An ancient phrase, with is a now a Swedish word that means something to the effect of being “spirited away” or “taken away.” It has a connotation of being separated from society in someway, perhaps even by mental illness or some other way of being different. It is said in some mountain communities of the Nordic that people would be stolen away at night and taken to the mountains by Trolls. These abducted people, the bergtagna, would be returned in an altered state. These are the poor folk, the downtrodden, the outcasts.
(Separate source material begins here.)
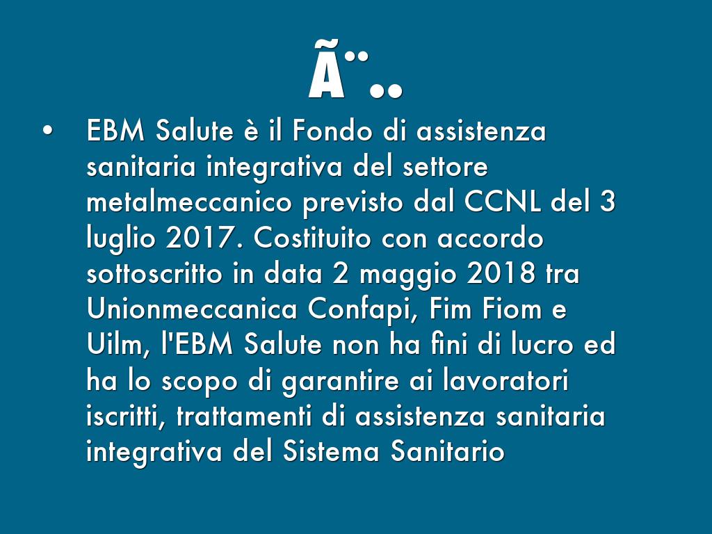 EBM Salute è il Fondo di assistenza sanitaria integrativa del settore metalmeccanico previsto dal CCNL del 3 luglio 2017. Costituito con accordo sottoscritto in data 2 maggio 2018 tra Unionmeccanica Confapi, Fim Fiom e Uilm, l'EBM Salute non ha fini di lucro ed ha lo scopo di garantire ai lavoratori iscritti, trattamenti di assistenza sanitaria integrativa del Sistema Sanitario Nazionale secondo le modalità, i requisiti e le condizioni previsti dal Regolamento.

In Act II of the play Peer Gynt, Henrik Ibsen writes the following tale. Peer, runs away to the mountains with a the eldest daughter of a family he meets at a wedding. He is banished from the community by this sin and he encounters three maidens being sacrificed to trolls (a very common theme in fairy tales in the Nordic countries). He gets intoxicated, runs into a rock and spends the day in lucid day dreams. In this hallucination he comes across a woman who claims to be the daughter of the troll chieftain. Peer is propositioned that if he marries the daughter then he too can become a troll. He ultimately declines, but then the troll daughter becomes pregnant and a debate ensues as to what to do.

The big question that is at heart of the play, and most likely a symbolic question that is being asked to all of us is, “What is the difference between troll and man?” The answer from the old troll is interesting, “Out there, where sky shines, humans say: ‘To thyself be true.’ In here, trolls say: ‘Be true to yourself and to hell with the world.'”

With all the craziness going on in the world, I have decided, since browsing through the english translation of this play, that I will also now be troll. I am bergtagna. I will be true to myself and say to hell with the world!